RIBA East Midlands 2021 Award Winners

Stonecrop 4062 James Brittain WEBIMAGE 4 Stonecrop 4062 Tim Brotherton WEBIMAGE 6
RIBA East Midlands Project Architect of the Year, Building of the Year, Sustainability Award and Regional Award 2021

Stonecrop

Architect - Iris Papadatou / Featherstone Young
Client - Private

Stonecrop is a sustainable, confident and playful house set amongst thoughtful and sensitive landscaping on a backland site in a village setting in Rutland.

The house design places sustainability at its heart. Most of the time only two people will occupy the house, but the clients wanted to allow it to ’expand’ to host guests and family. A clever two-wing strategy has been applied. This strategy means the house works well when only two people are in residence, with a discrete second wing that can be opened up and heated when family and friends visit.
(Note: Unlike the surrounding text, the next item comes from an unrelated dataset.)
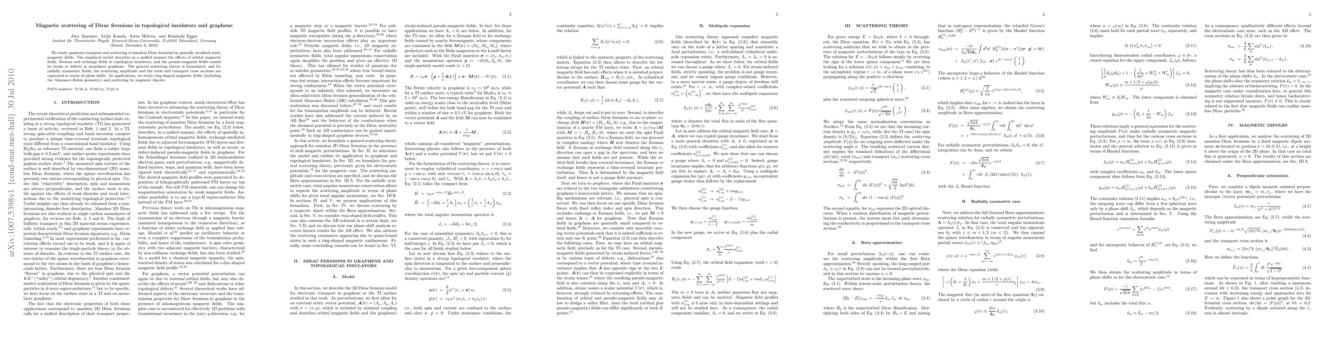 This paper investigates quantum transport and scattering of Dirac fermions in topological insulators and graphene under spatially localized magnetic fields. The study formulates a unified scattering theory, providing expressions for scattering amplitudes and cross sections, and applies these to ring-shaped magnetic fields and magnetic dipoles.

This smaller ‘guest wing’ has a striking curved green roof that rises up and appears to float into the landscape. While the main house starts with a humble entrance, the rear façade emerges through the site to a surprising glass wall of over 5m, addressing a wildflower meadow designed by their landscape architect neighbour. The two wings wrap around a central courtyard, apparently swirling out of the ground together.

There were joyful hidden moments: a secret stair to the mezzanine study and the bedroom; a flight of craggy stone projecting from the western facade; and a room cantilevering into the trees.

Local Clipsham limestone was used alongside timber, green roofs and dry-stone walling. Sustainability was evidently a priority for the project which far surpassed the RIBA 2030 Climate Challenge targets. The large overhang to the south facade provides passive solar shading, while coils for a ground source heat pump are laid under the beautiful wildflower meadow. Natural ventilation is provided by the central courtyard and the interior environment is tempered via a MVHR system.

The huge, open-plan volume could have felt unhomely and cold, but the undulating panelled timber roof acts to unify the disparate spaces. Areas are delineated by large panels of joinery that help to define or enclose certain aspects.

It is a bold and brave house, full of inventiveness and fun.